Flowforge adopts a hybrid licensing structure combining open innovation and IP protection.

- **Legacy / historical releases** remain under MIT (for transparency and ecosystem continuity).
- **Active and future releases** (v1.0 and onward) are licensed under **AGPLv3** with additional Flowforge terms (“RESTRICTED COMMERCIAL & DERIVATIVE TERMS FOR FLOWFORGE” in `LICENSE`).

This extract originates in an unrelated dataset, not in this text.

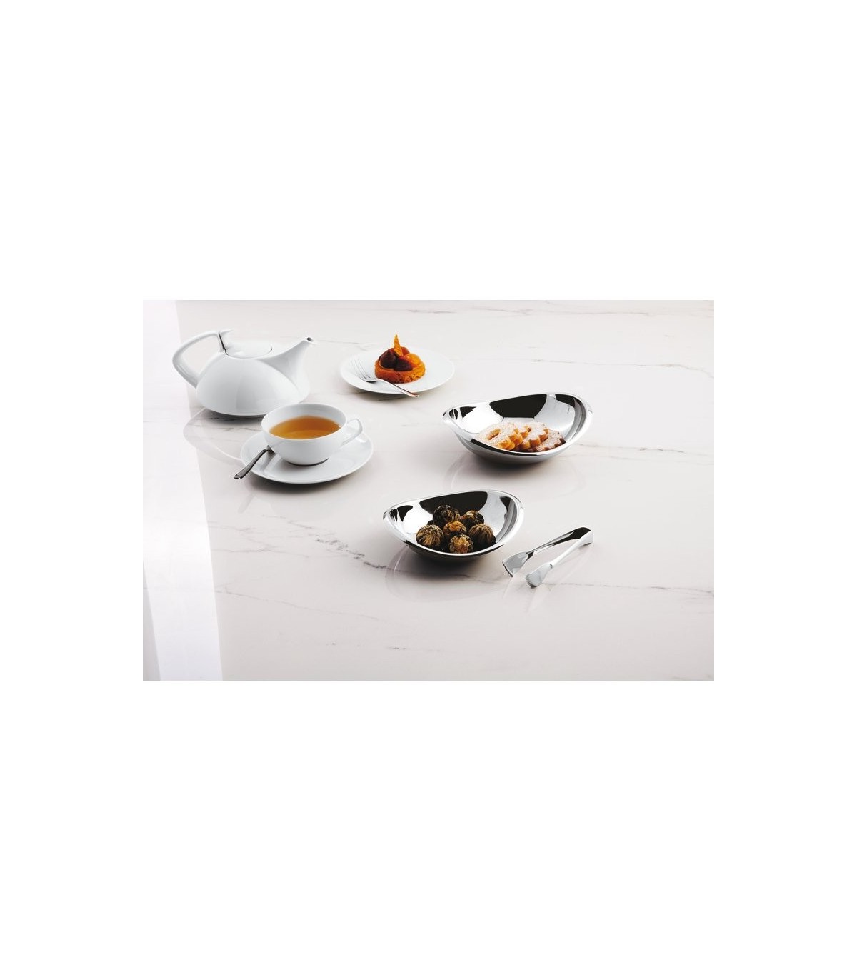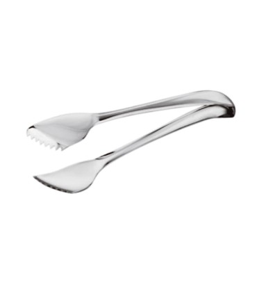 The tongs can pick up portions of vegetables, bread and pastry by a simple pressure of the hand, while the scissors are for precise serving. Stainless steel. Suitable for dishwasher
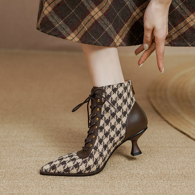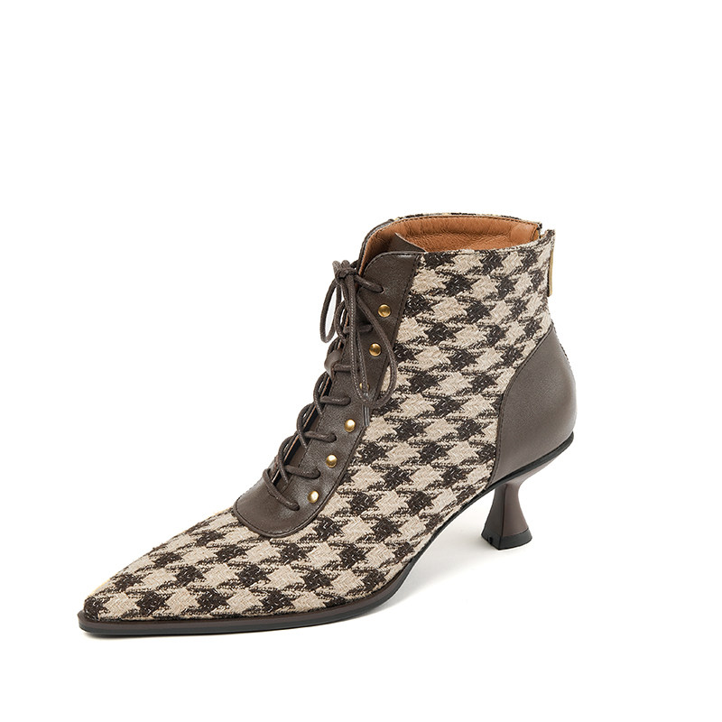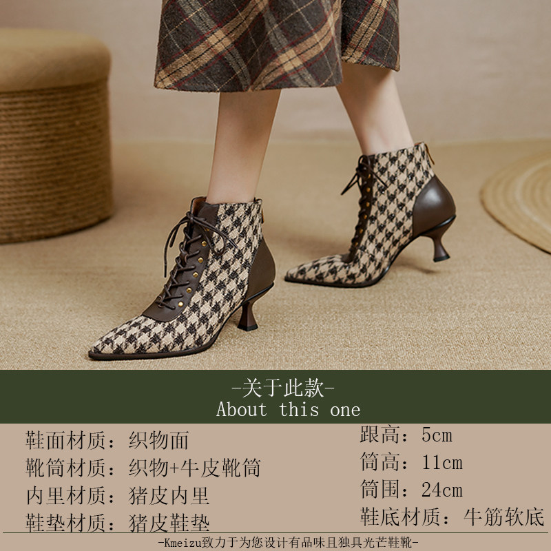 靴F3051DD5 通勤方头复古短靴粗跟女时装 百思图2025冬季 商场新款

- **Commercial usage** (offering as SaaS, embedding in proprietary systems, or internal closed-source deployments) requires a separate **commercial license**. See `COMMERCIAL_LICENSE.md` for template.
- **Contributor License Agreement (CLA)** in `CLA.md` governs contribution terms, ensuring compatibility with the hybrid licensing framework.
- **Commercial exceptions** and **dual-licensing** are handled directly by Vitthal Mirji for partners and enterprise use.

The goal: protect Flowforge’s compile-time innovation while keeping community use free and open.